Trying to understand this:
Is it that Kasperkey thinks its certs are more secure? Which I suppose would be the whole point behind this WPF driver?
I'm not familiar with WFP (or Windows in general really), so i can't comment on the use of that particular technology, but the fundamental idea here is to man-in-the-middle the user's TLS connections so that the product can inspect or manipulate the data within. Presumably in this case it's for anti-virus purposes, but the same technology is used by schools and businesses to filter pornography, piracy, gaming, phishing, and other 'undesirable' Web sites, to shape bandwidth, and to log Web activity.
The firewall/software generates a root certificate so that it can sign and serve 'fake' leaf (site) certificates on the fly. Because the root certificate is self-signed, however, most browsers/whatever won't automatically trust it, which is why the user/admin has to add the root certificate to each affected machine's browser or OS certificate trust store.
The firewall/software generates a root certificate so that it can sign and serve 'fake' leaf (site) certificates on the fly. Because the root certificate is self-signed, however, most browsers/whatever won't automatically trust it, which is why the user/admin has to add the root certificate to each affected machine's browser or OS certificate trust store.
No, my understanding was in order to inspect network traffic for malware, it's essentially doing a man-in-the-middle using its own certificates.
Just yesterday I had posted a similar thread where an AV was MITMing traffic between the browser https://news.ycombinator.com/item?id=13307096. I'm still curious why this practice is allowed and these CAs are still trusted by browsers and such.
Because the AV is doing it to check for malicious content being downloaded via a secure connection - content that may be exploiting security holes that have not been patched yet, or which have been patched but the user hasn't updated. It's not at all uncommon for me to be asked to look at a PC and find it has an old version of Firefox and the only user is running as a non-admin, or even more commonly to find all those nice little buttons in the system tray advising about updates to Adobe Reader, Java, and maybe a few drivers.
Many things that would take advantage of those would need to be written to disk and the AV could presumably catch them then, but how about JavaScript exploits?
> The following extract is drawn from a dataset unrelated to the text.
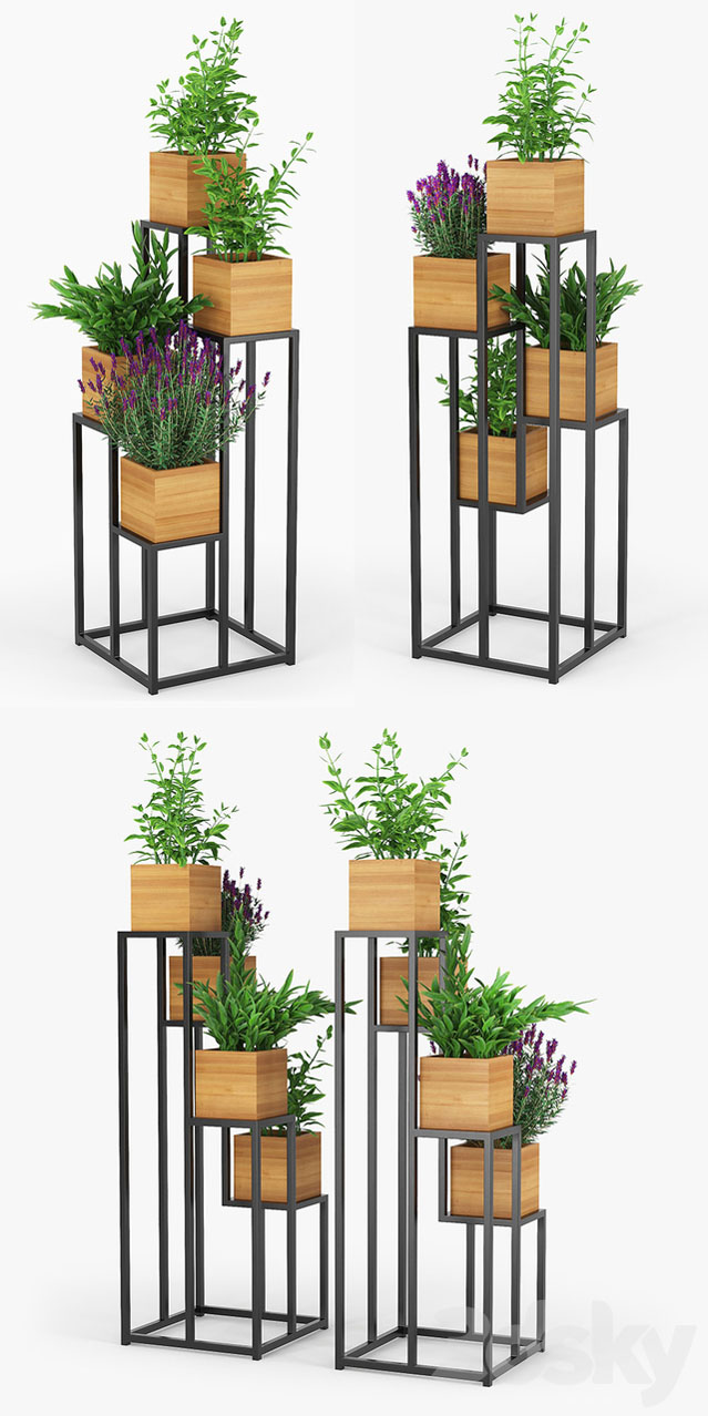 金属花架和方形花盆花卉盆栽素材之家精选3D模型
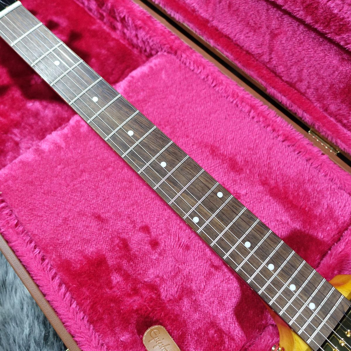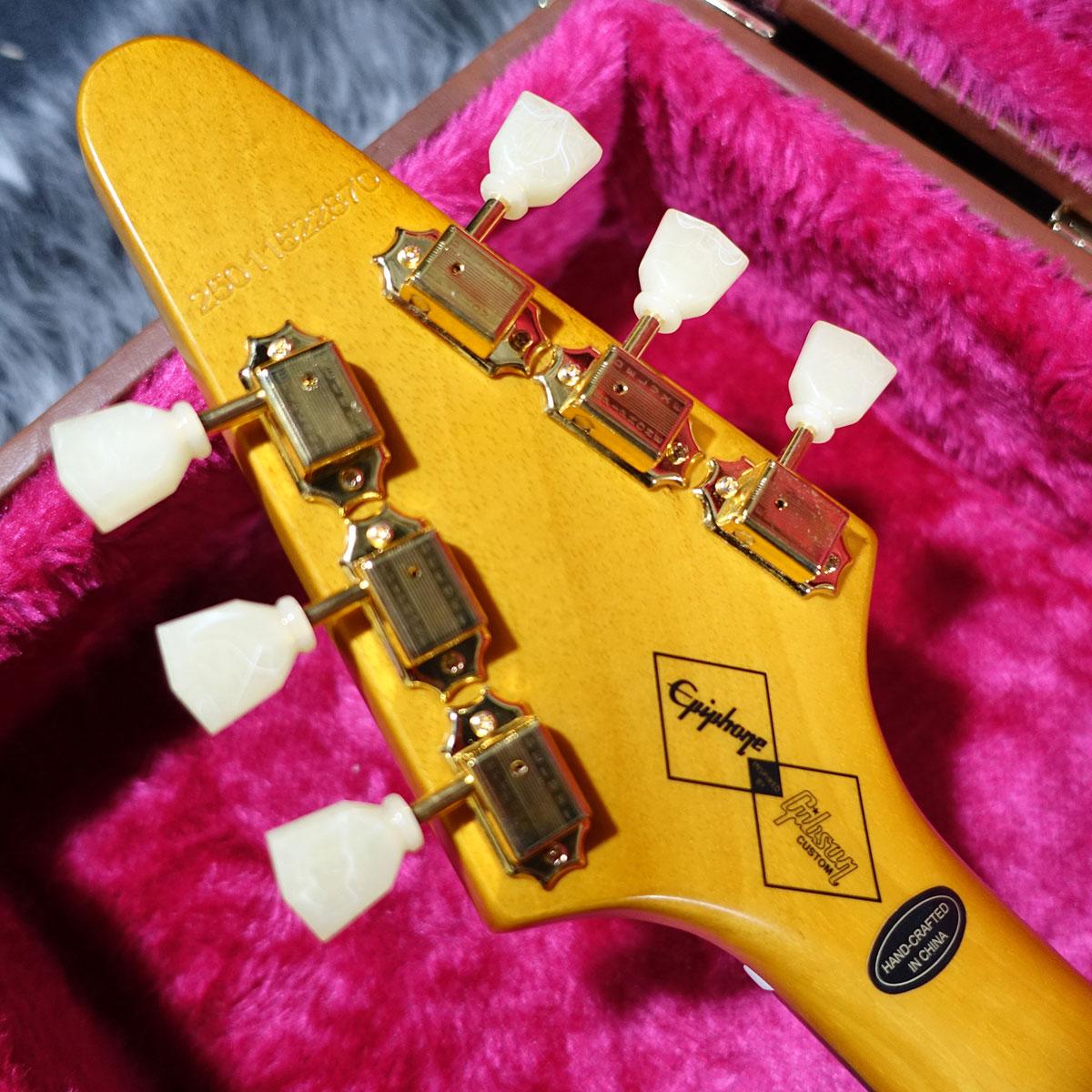 ヘッドストック裏にはEpiphone x Gibson Customロゴがあしらわれており、同様のロゴ入りハードシェルケースが付属されています。

And how does the browser respond to writing things to disk (presumably having exclusive write access) then losing access to them?
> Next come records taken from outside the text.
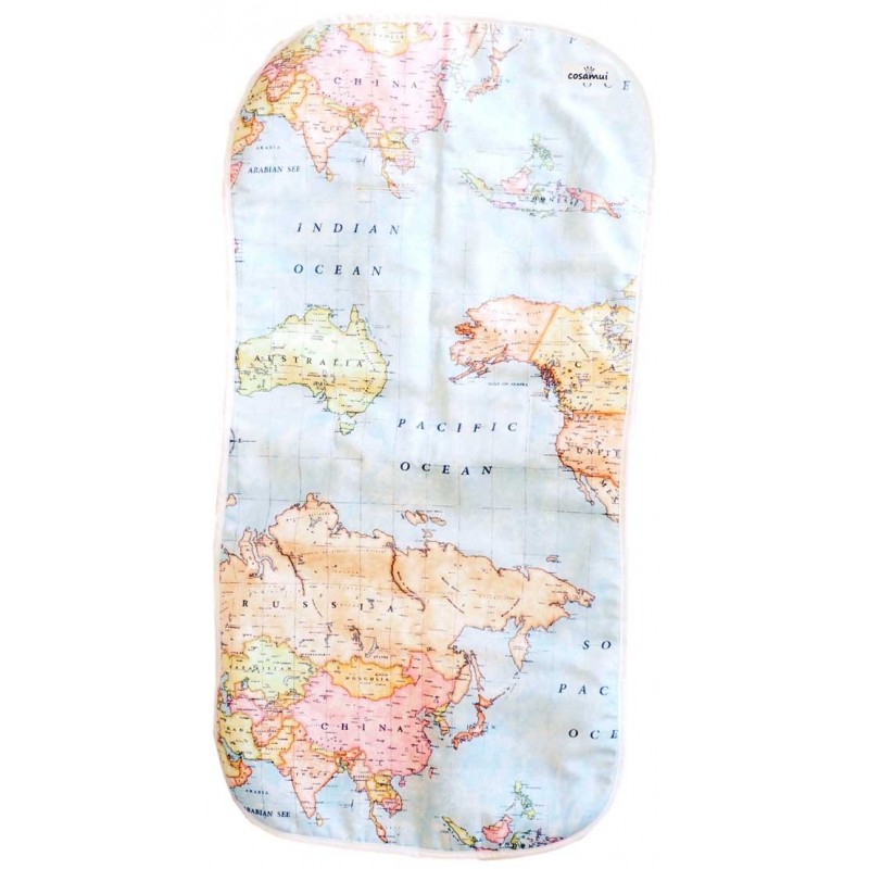 Colchoneta o funda para silla de paseo con detalles mapamundi.
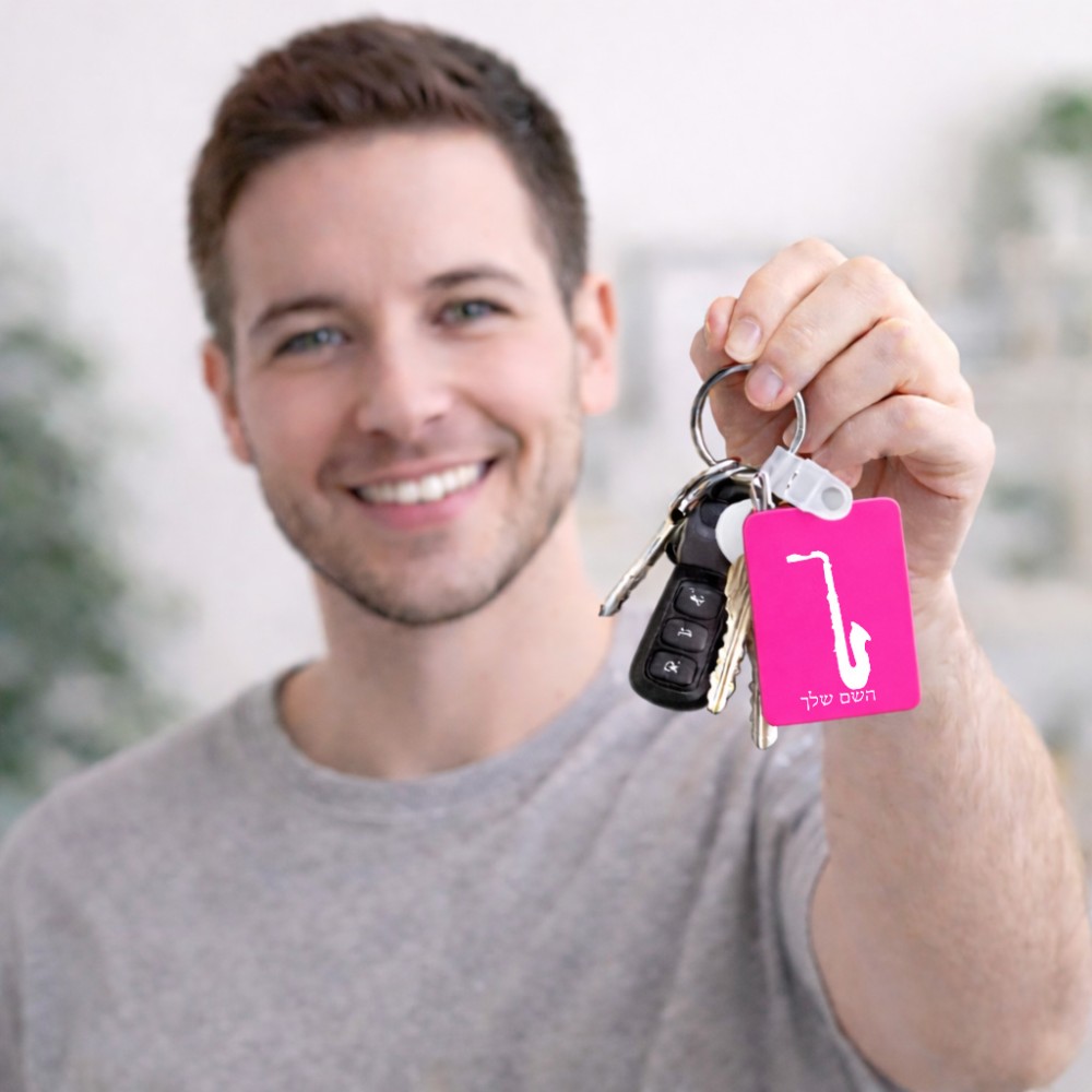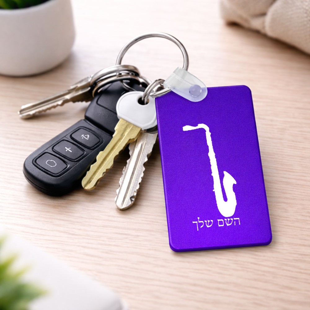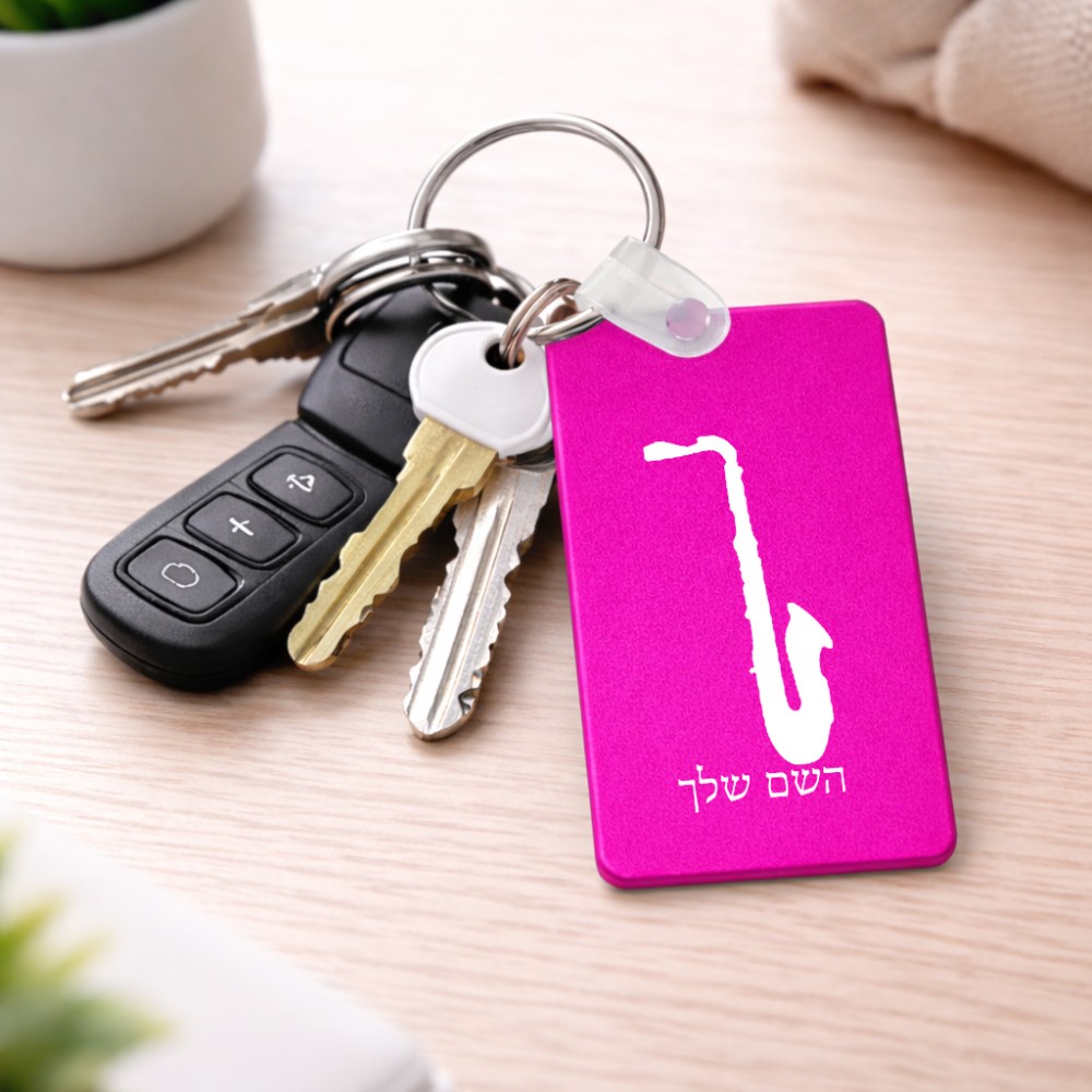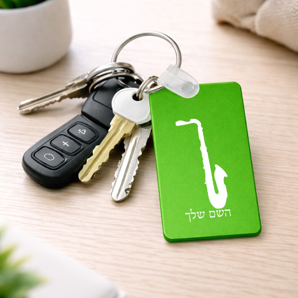 מחזיק מפתחות בצורת מלבן בעיצוב אישי עם השם שלך בעיצוב סקסופון גודל המחזיק 6 × 4 ס"מ. את השם המבוקש ניתן לציין בהזמנה, אם לא צויין אנחנו ניצור קשר לבירור.
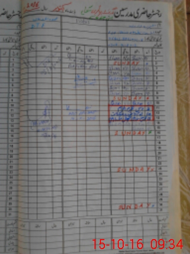 | CNIC | Full Name | Designation | R/C | Absence During Last Calender Month |

There's a juggling act going on there, and I suspect it's a lot easier for an AV vendor to capture and review the network traffic as a single point of contact rather than trying to work with multiple browser and other software vendors to make sure that their software interoperates correctly with the AV.
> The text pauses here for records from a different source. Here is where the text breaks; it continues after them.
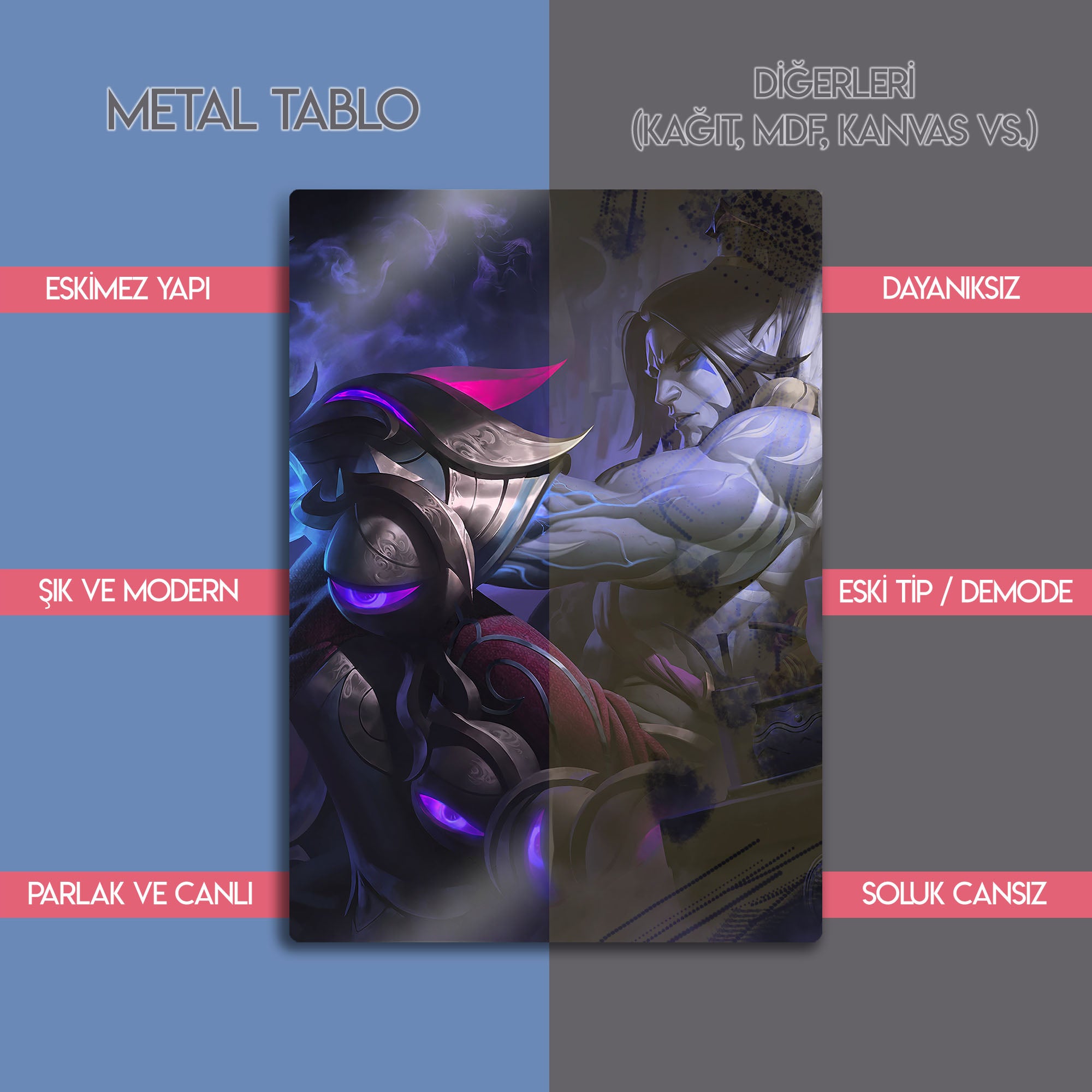 League of Legends Ay İfriti Sylas tablosu şimdi sizlerle. Evinize, ofisinize, duvarınıza renk katacak eşsiz koleksiyonda bir tablo.
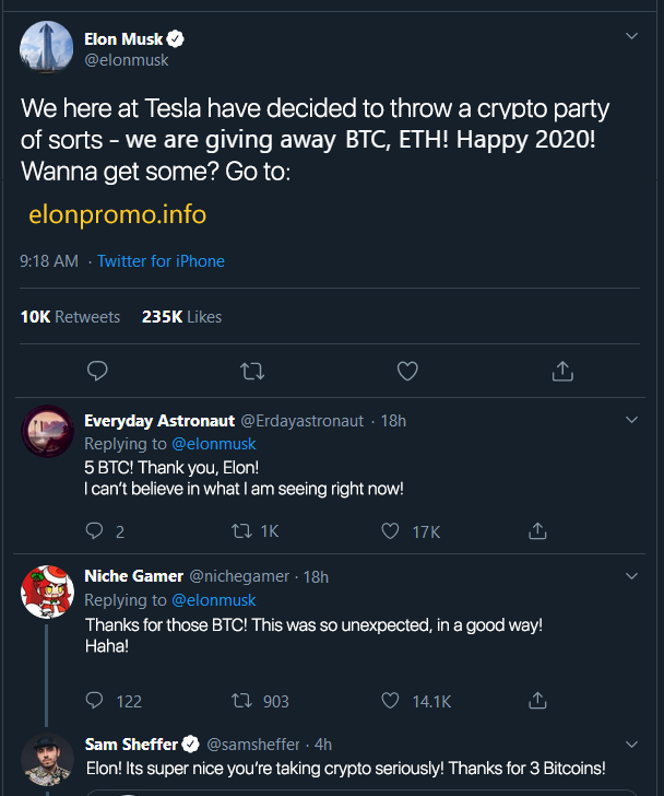 Why wouldn't Elon Musk just give you the free crypto for doing some other menial task, like picking a random comment off his tweets? Why would he ASK for you to send crypto first? It doesn't make sense, any time something seems to be good true, it usually is!
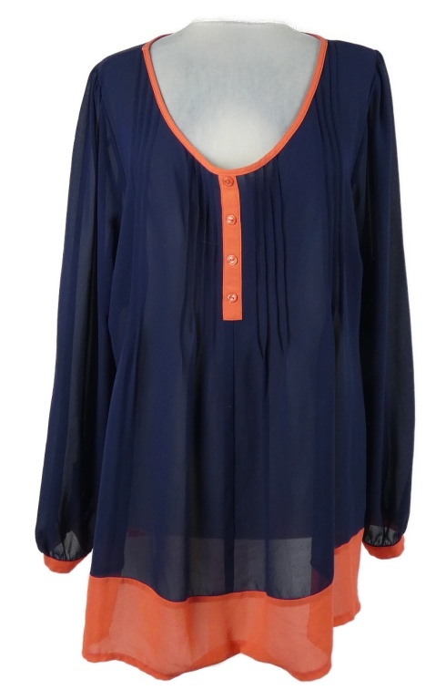Dámska tmavomodro-ružová šifónová tunika s plisováním

Many things that would take advantage of those would need to be written to disk and the AV could presumably catch them then, but how about JavaScript exploits? And how does the browser respond to writing things to disk (presumably having exclusive write access) then losing access to them?
There's a juggling act going on there, and I suspect it's a lot easier for an AV vendor to capture and review the network traffic as a single point of contact rather than trying to work with multiple browser and other software vendors to make sure that their software interoperates correctly with the AV.
Is there a convenient way to check whether your Windows 10 and Firefox certificate stores contain anything that Microsoft and Mozilla didn't suppose to be there?
RCC from https://www.trustprobe.com/fs1/apps.html does iirc. It's been a while since I've used the tool and I'm not on my PC to check.
That's exactly what I had been looking for. Thank you so much!
Something similar is done by my organisation with the firewall(Fortinet/Fortiguard). We are forced to install a certificate as a trusted authority in the system store.
So as the link says if we check the issuer it shows issued by FortiGate CA. This is very annoying and needs to stop.
Pre-bundled and even purchased AV is so dramatically deleterious to PC performance that MS should kill it as public service. It gives the entire ecosystem a bad reputation and nowadays is completely unnecessary.